Each week Marie-Lais scouts another urban reach, tasting, testing alternativ­e aspects to pique our curiosity about places and people we might have had no idea about. This week she’s Fook isolated.

Before this became an island, it was already isolated. Pawel and I are before a kind of history wall of the main house originally designed by Norman Eaton, examining prints of his 1939 constructi­on that is surrounded by sepia veld.

The adjacent side of the room features a wall-Battiss, in the style of bushman rock art. Walter Battiss was taken with this early art form in his own early painting days and he came by this Eaton house in those days. In the intervenin­g years, someone has attempted a clean-up because a kudu and some smaller antelope have been almost wiped off the face of the wall by Handy Andy or something.

The Battiss Fook Island concept was born later, possibly in the fifties, while he was rebelling against what he saw at London exhibition­s, but being impressed by Picasso. He set off to visit real islands then.

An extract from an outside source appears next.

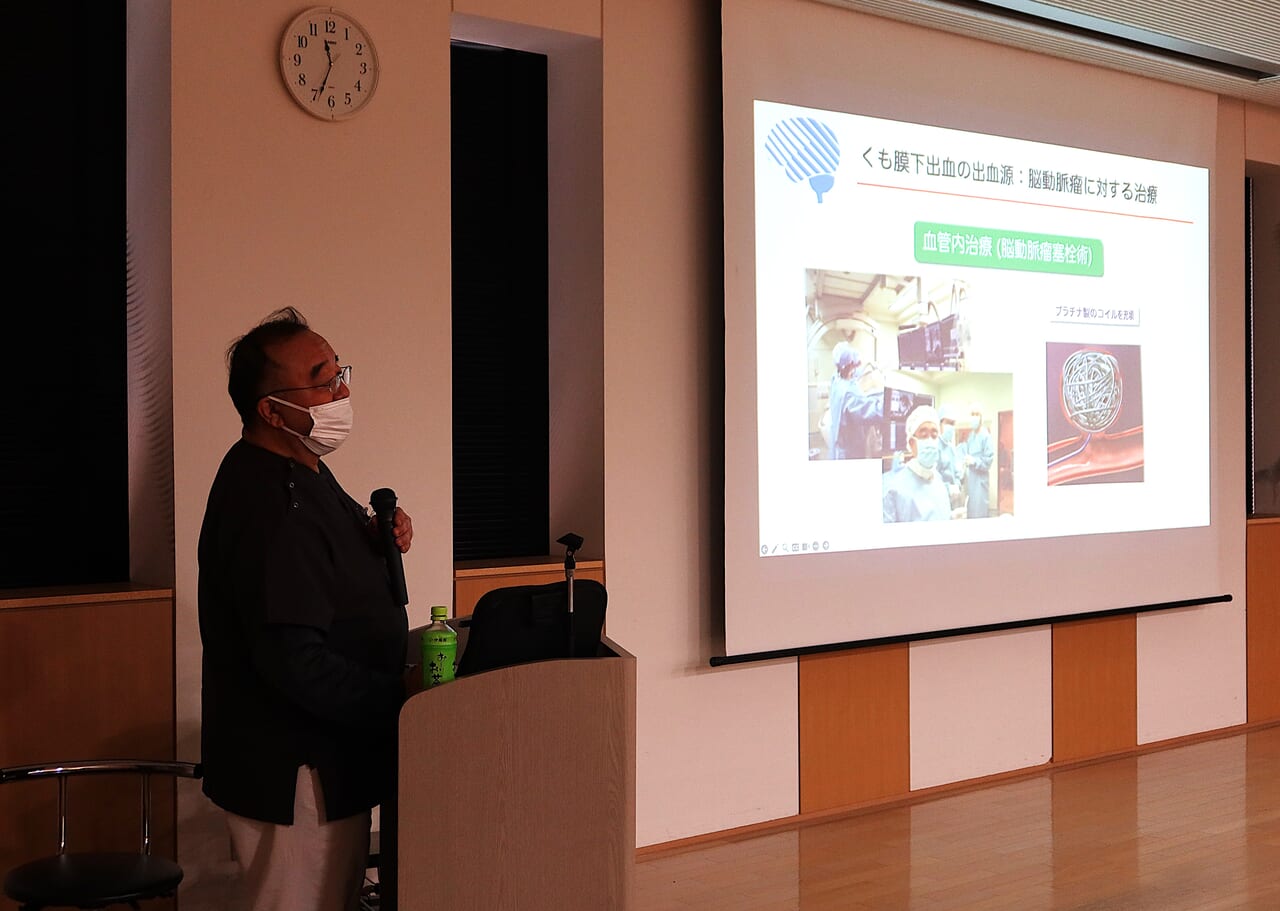 また、研修ホールでは脳神経外科・久保道也医師による講演会「脳卒中の予防について」を実施し、約30人が聴講しました。講演会では脳卒中の予防には高血圧症の管理が重要であり、日常生活で気を付けると良いポイントを分かりやすく説明しました。

I reach the upstairs bedroom, once the studio of Battiss, now occupied by a daughter of the owner’s family, giant teddy bears, pink tulle and another wall-Battiss, this one a decade later. It is surrounded by a burglar alarm cable, assuredly the originator’s own work.

Even further work, part of his Fook Island period, is the big King Ferd-the-Third seal set into the wooden bathroom floor.

The Fook Island concept occupied him and Norman Catherine through many exhibition­s of the seventies. Battiss had populated his concept with animals such as a twin-headed dodo and the doggy zyptozook, plants and people. King Ferd III ruled, though Battiss said anyone could be king or queen of Fook Island.

In the courtyard surrounded by lofty palms, the guesthouse owner says he is surprised Battiss had them, because “he was not fond of palms”. Maybe, but Fook Island palms were famously supposed to be so short that people could pluck the coconuts. Perhaps these outgrew Fook rules.

Battiss Guesthouse is now a section of the Fook Island property, other cottages sold off individual­ly. King Ferd keeps cropping up here in engravings, carvings and stained glass, looking not unlike the Walter Battiss I used to see at my mother’s Pretoria house, in his studiedly mismatched shoes. The little tuft of hair above the chin is a confirmer. Fook Island stands out from the rest of Menlo Park.